##### Data provided
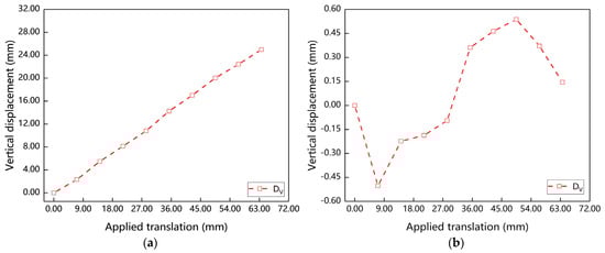 To verify the capacity of the proposed method for tackling the settlement, the vertical displacement values in this test were computed by Equation (3), and then corrected according to the homography-based strategy in Section 2.1. Figure 13a,b show the computed vertical displacements before and after correction, respectively. From (a), one can see that the error of the vertical displacement increases linearly when the applied lateral displacement increases, and the maximum value can be up to 26.00 mm, implying that the settlement determined by Equation (3) is linearly affected by the lateral displacement. In contrast, the corrected vertical displacements in (b) are much more reasonable than those in (a), and the maximum value is just 0.53 mm. The results in Figure 13 demonstrate the feasibility of the strategy for settlement computation in Section 2.1.
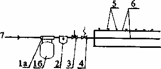 1 – дозатор (а – головка, б – резервуар); 3 – регулятор давления; 4 – магнитный клапан; 5 – капельница; 6 – пластмассовый разводящий трубопровод; 7 – вода.
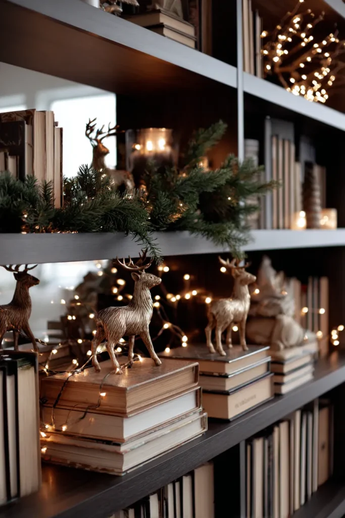 This bookshelf feels like a cozy little library wrapped in holiday cheer. Stacks of vintage books are topped with elegant golden reindeer figurines, while a soft string of fairy lights winds through them, adding a warm, magical glow. A touch of evergreen garland brings freshness to the dark wood tones, and the flicker of candlelight tucked in the background gives everything that moody, fireside feel that just whispers Christmas charm.
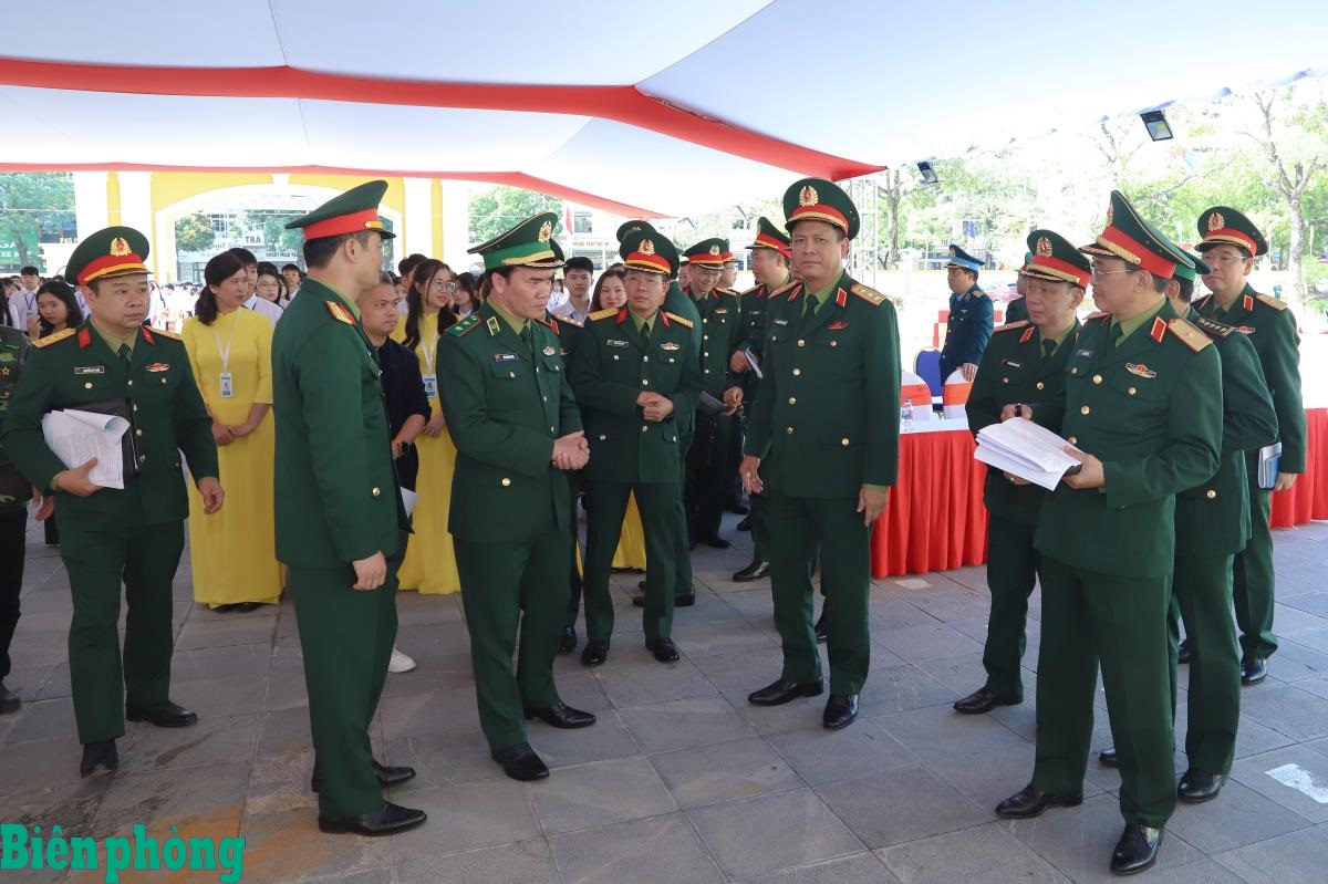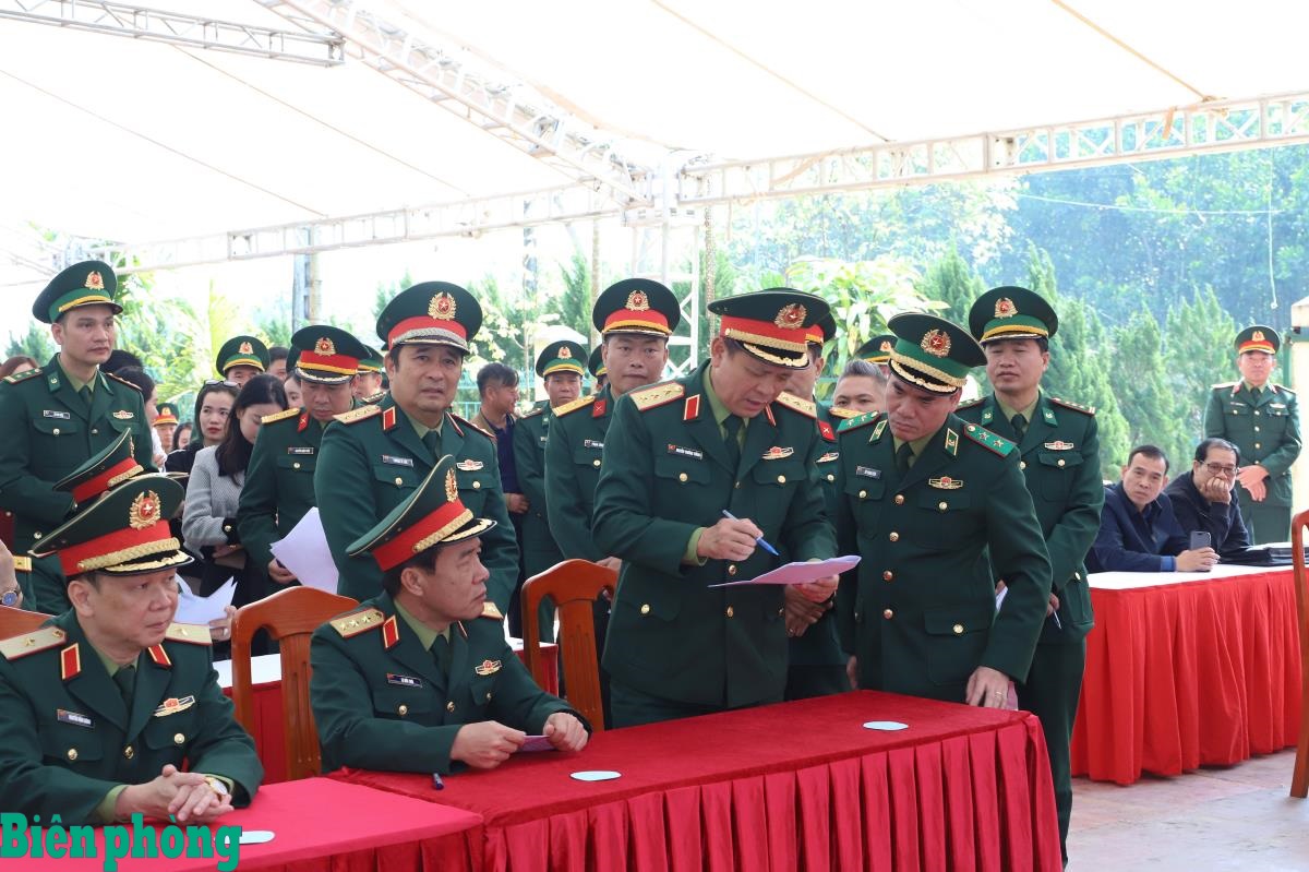 Đoàn kiểm tra công tác đón tiếp đại biểu, điều hành chương trình tại Đồn Biên phòng Trà Cổ. Ảnh: Ngọc Lâm
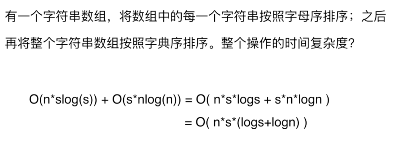 1. n表示数据规模 <img width="636" alt="image" src="https://user-images.githubusercontent.com/32805629/217133916-ad08a2e9-364a-4d40-b01a-df655a13d9ef.png"> 2. 时间复杂度与数据规模曲线 <img width="509" alt="image" src="https://user-images.githubusercontent.com/32805629/217134645-5da729c2-1852-4bbb-88af-08a1e98cd1b0.png"> 3. 学术界和业界对复杂度界定不同,学术界 O(f(n)) 表示算法执行的上界,业界一般取最低上界 (归并可以是 O(nlogn)也可以是 O(n^2)) 4. 字符串数组排序 <img width="649" alt="image" src="https://user-images.githubusercontent.com/32805629/217136291-5da642b5-911c-4c00-b0a1-1f5d9dcb3000.png"> 5. 对数据规模有一个概念 <img width="511" alt="image" src="https://user-images.githubusercontent.com/32805629/217137838-ef8d6987-ef9f-4e28-ac92-b88e93f8103c.png"> 6.
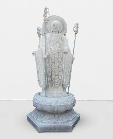本作品為三面地藏王菩薩石雕立像,石材選擇福建本地性價(jià)比高的花崗巖材料,質(zhì)地細(xì)膩,色澤單純,品質(zhì)上乘。造型選擇經(jīng)典的九華山地藏菩薩造型,制作成三面一體沙門形地藏菩薩石雕。福建和之石雕公司支持圖片定制地藏菩薩石雕,歡迎來(lái)廠參觀定做。
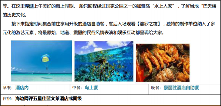 4、行程中用餐(早餐为酒店自助餐,正餐为团队用餐,餐标 50 元);
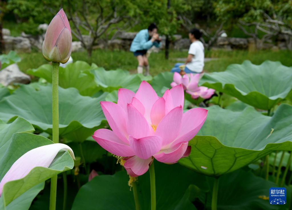 6月28日,游客在在圆明园“荷韵梅芳 御苑双姝”双花展上拍摄。
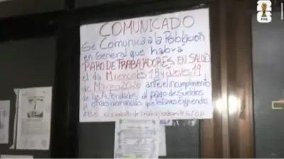 Los trabajadores de salud colocaron un comunicado en la puerta principal del hospital explicando su medida de presión y sus exigencias.
##########
• _What to work on_
Return every entry unchanged and skip the pictures.

• _Exercise solution_
 To verify the capacity of the proposed method for tackling the settlement, the vertical displacement values in this test were computed by Equation (3), and then corrected according to the homography-based strategy in Section 2.1. Figure 13a,b show the computed vertical displacements before and after correction, respectively. From (a), one can see that the error of the vertical displacement increases linearly when the applied lateral displacement increases, and the maximum value can be up to 26.00 mm, implying that the settlement determined by Equation (3) is linearly affected by the lateral displacement. In contrast, the corrected vertical displacements in (b) are much more reasonable than those in (a), and the maximum value is just 0.53 mm. The results in Figure 13 demonstrate the feasibility of the strategy for settlement computation in Section 2.1.
 1 – дозатор (а – головка, б – резервуар); 3 – регулятор давления; 4 – магнитный клапан; 5 – капельница; 6 – пластмассовый разводящий трубопровод; 7 – вода.
 This bookshelf feels like a cozy little library wrapped in holiday cheer. Stacks of vintage books are topped with elegant golden reindeer figurines, while a soft string of fairy lights winds through them, adding a warm, magical glow. A touch of evergreen garland brings freshness to the dark wood tones, and the flicker of candlelight tucked in the background gives everything that moody, fireside feel that just whispers Christmas charm.
 Đoàn kiểm tra công tác đón tiếp đại biểu, điều hành chương trình tại Đồn Biên phòng Trà Cổ. Ảnh: Ngọc Lâm
 1. n表示数据规模 <img width="636" alt="image" src="https://user-images.githubusercontent.com/32805629/217133916-ad08a2e9-364a-4d40-b01a-df655a13d9ef.png"> 2. 时间复杂度与数据规模曲线 <img width="509" alt="image" src="https://user-images.githubusercontent.com/32805629/217134645-5da729c2-1852-4bbb-88af-08a1e98cd1b0.png"> 3. 学术界和业界对复杂度界定不同,学术界 O(f(n)) 表示算法执行的上界,业界一般取最低上界 (归并可以是 O(nlogn)也可以是 O(n^2)) 4. 字符串数组排序 <img width="649" alt="image" src="https://user-images.githubusercontent.com/32805629/217136291-5da642b5-911c-4c00-b0a1-1f5d9dcb3000.png"> 5. 对数据规模有一个概念 <img width="511" alt="image" src="https://user-images.githubusercontent.com/32805629/217137838-ef8d6987-ef9f-4e28-ac92-b88e93f8103c.png"> 6.
本作品為三面地藏王菩薩石雕立像,石材選擇福建本地性價(jià)比高的花崗巖材料,質(zhì)地細(xì)膩,色澤單純,品質(zhì)上乘。造型選擇經(jīng)典的九華山地藏菩薩造型,制作成三面一體沙門形地藏菩薩石雕。福建和之石雕公司支持圖片定制地藏菩薩石雕,歡迎來(lái)廠參觀定做。
 4、行程中用餐(早餐为酒店自助餐,正餐为团队用餐,餐标 50 元);
 6月28日,游客在在圆明园“荷韵梅芳 御苑双姝”双花展上拍摄。
 Los trabajadores de salud colocaron un comunicado en la puerta principal del hospital explicando su medida de presión y sus exigencias.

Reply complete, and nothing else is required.